3 big indices with very slow query

#1

I have 3 big indices (logs_2016, logs_2017 and logs_2018). They are about 200gb size and 200000000 docs count. I'm doing 99% of my queries by parameter user_id. Here's the mapping for logs_2017 e.g.:

{
  "logs_2017": {
    "mappings": {
      "log_item": {
        "_routing": {
          "required": true
        },
        "properties": {
          "@timestamp": {
            "type": "date",
            "format": "strict_date_optional_time||epoch_millis"
          },
          "app_id": {
            "type": "string",
            "index": "not_analyzed"
          },
          "user_id": {
            "type": "string",
            "index": "not_analyzed"
          },
          "description": {
            "type": "string"
          },
          "type_app": {
            "type": "long"
          },
          "os": {
            "type": "string",
            "index": "not_analyzed"
          },
          "session_id": {
            "type": "string",
            "index": "not_analyzed"

.. .
}
}
}
}
}
}

How I query (getting all logs for specific event_id and device_type, ordering by timestamp and session_id):

GET logs_2016,logs_2017,logs_2018/_search
{
  "query": {
    "bool": {
      "must": [
        {
         "match": {
           "user_id": "32232699237"
         } 
        },
        {
          "match": {
            "device_type": "31"
          }
        }
      ]
    }
  },
  "size":100,
  "from":0,
  "sort":[{"timestamp":{"order":"desc"}}, {"session_id":{"order":"desc"}}]
}

My results are very slow, 2-4 seconds. How can I improve query results, should I put more indices with the same last event_id number e.g. or maybe monthly indices (12 per year, but then I would do searching over 36 indices for 3 years)?

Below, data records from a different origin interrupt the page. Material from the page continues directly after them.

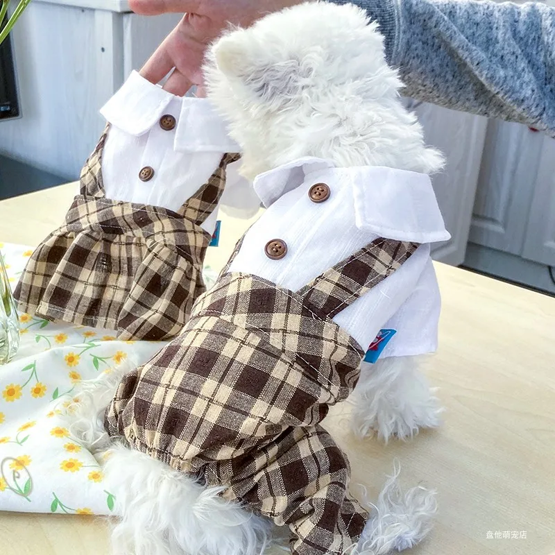 Парная одежда для домашних животных для девочек и мальчиков, одежда для маленьких собак с хаки, клетчатая юбка, костюм для кошки XS XL, летние крутые товары для чихуахуа, Мальта, котят
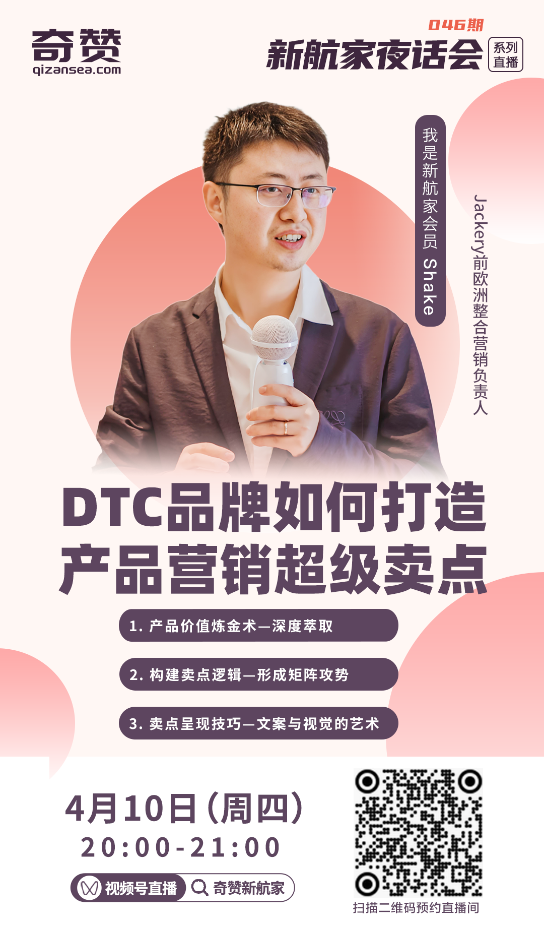 奇赞首页奇赞新航家新航家夜话会 DTC品牌如何打造产品营销超级卖点【新航家夜话会046期】 奇赞新航家 2025.04.08 阅读 817 分享嘉宾:Shake Jackery前欧洲整合营销负责人 分享时间:5月13日(周二)20:00 直播地址:视频号:奇赞新航家 分享主题:如何打造产品营销超级卖点 1. 产品价值炼金术—深度萃取 2. 构建卖点逻辑—形成矩阵攻势 3. 卖点呈现技巧—文案与视觉的艺术 直播回放 剩余内容需解锁后查看 您需要付费解锁才能查看当前内容 开通会员 新航家操盘手会员免费新航家CEO俱乐部免费 已付费?登录 或 刷新 本文由 @奇赞新航家 原创发布于奇赞,未经许可,禁止转载、采集。 该文观点仅代表作者本人,奇赞平台仅提供信息存储空间服务。 赞 (1) 0 0 生成海报 奇赞新航家官方 关注私信 298 文章 0 评论 33 问题 150 粉丝 品牌化出海营销知识社群俱乐部! 为你推荐 新航家夜话会 如何做好有效邮件营销的第一步 | 新航家夜话会042期 分享嘉宾:王华Cain 邮件营销资深技术流操盘手 分享主题:如何做好有效邮件营销的第一步 1️⃣ 邮件认证与账户架构 2… 奇赞新航家 2025.03.11 新航家夜话会 奇赞夜话会021期|品牌独立站-回归用户体验运营才能重获增量增长 奇赞夜话会 021期 本期主题:品牌独立站-回归用户体验运营才能重获增量增长 嘉宾:Risa 瑞萨信息咨询创始人 前Ul… 奇赞新航家 2024.01.18 新航家夜话会 奇赞夜话会 002期|从产品模式到品牌模式,“升级”or“转型”?(课件) 本期主题源于会员群会员们的交流,特此邀请专业操盘手深入交流,期待大家互动的精彩见解。 本期嘉宾:Abby Deco德科创… 奇赞新航家 2023.08.09 新航家夜话会 奇赞夜话会012期|独立站SEO竞争对手分析(课件) 第1节:竞争对手分析的意义 第2节:独立站分析插件及工具 第3节:如何找到优秀的竞争对手独立站 第4节:我们需要分析竞争… 奇赞新航家 2023.11.01 新航家夜话会 谷歌广告ROI下滑10种可能性 | 新航家夜话会044期 分享嘉宾:梁京 DTC品牌谷歌广告资深优化师 分享主题:谷歌广告ROI下滑10种可能性 1️⃣ 广告营销漏斗底层逻辑 2… 奇赞新航家 2025.03.24 Trustpilot 奇赞夜话会017期|Trustpilot:海外口碑管理和营销的正确打开方式 奇赞夜话会 017期 本期主题:海外口碑管理和营销的正确打开方式 分享嘉宾:Rebecca Han Trustpilot… 奇赞新航家 2023.12.19 发表回复 请登录后评论...登录后才能评论 提交
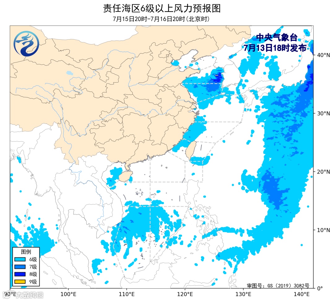 大风预报:7月13日20时至14日20时,东海东部和西南部海域将有6-7级、阵风8-9级的大风。
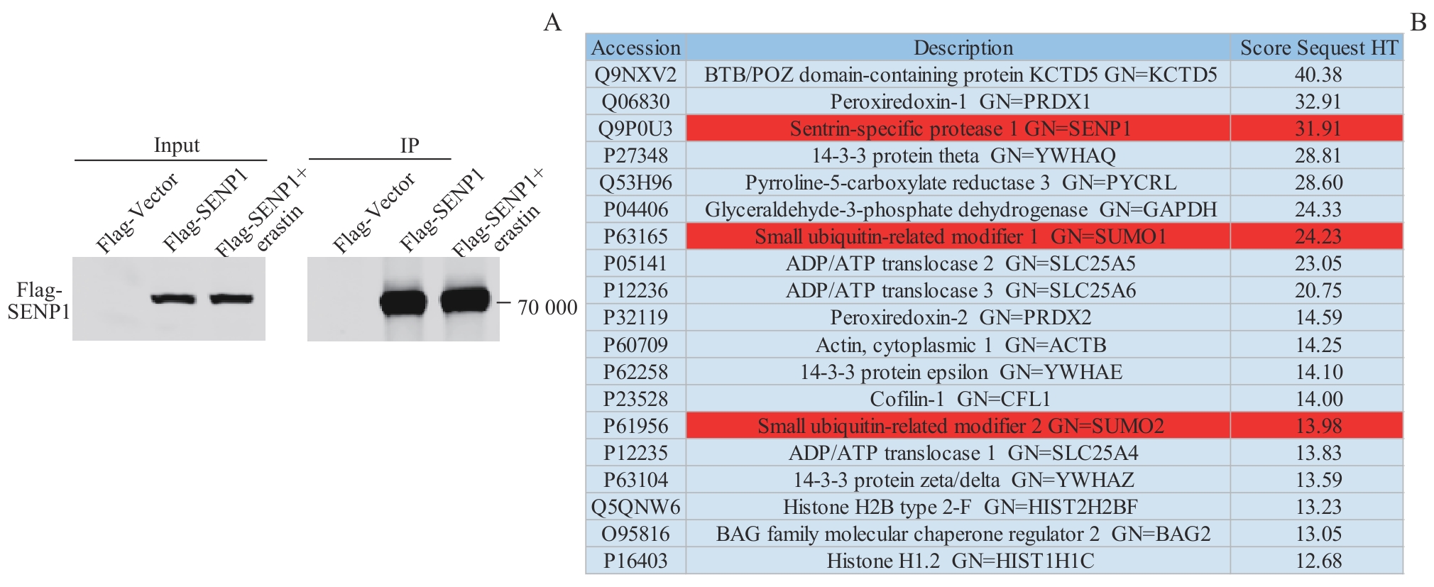 | 图3 IP-MS技术分析SENP1在铁死亡发生过程中相互作用蛋白 Note: A. Expression levels of Flag-SENP1 in 293T cells, detected by Western blotting. B. Identification results of SENP1 by IP-MS, with analysis and screening the top candidates that may interact with SENP1. |

Running ES on 2 client nodes (4 CPU, 6GB RAM, 2GB HDD), 2 data nodes (8 CPU, 16GB RAM, 400GB HDD).

While doing logs template i put 16 number of shards and 1 number of replicas.

Ty

(Christian Dahlqvist) #2

What does CPU and disk I/O (and iowait) look like on the data nodes when you are querying? Are you indexing at the same time?

(Safwan Rahman) #3

Your query does nto reflect your mapping type. Can you provide the correct mapping here where event_id and device_type is present?

#4

it should be user_id instead of event_id, i just copied wrong query..

#5

where can i check this, _cat/nodes?v ?

(Christian Dahlqvist) #6

If you are on Linux you can use 'iostat -x'.

#7

i can connect only to client node via ssh unfortunately..

(Safwan Rahman) #8

I think you should use keyword datatype instead of string datatype. And moreover, it seems like you should use filter with term query instead of must with match query.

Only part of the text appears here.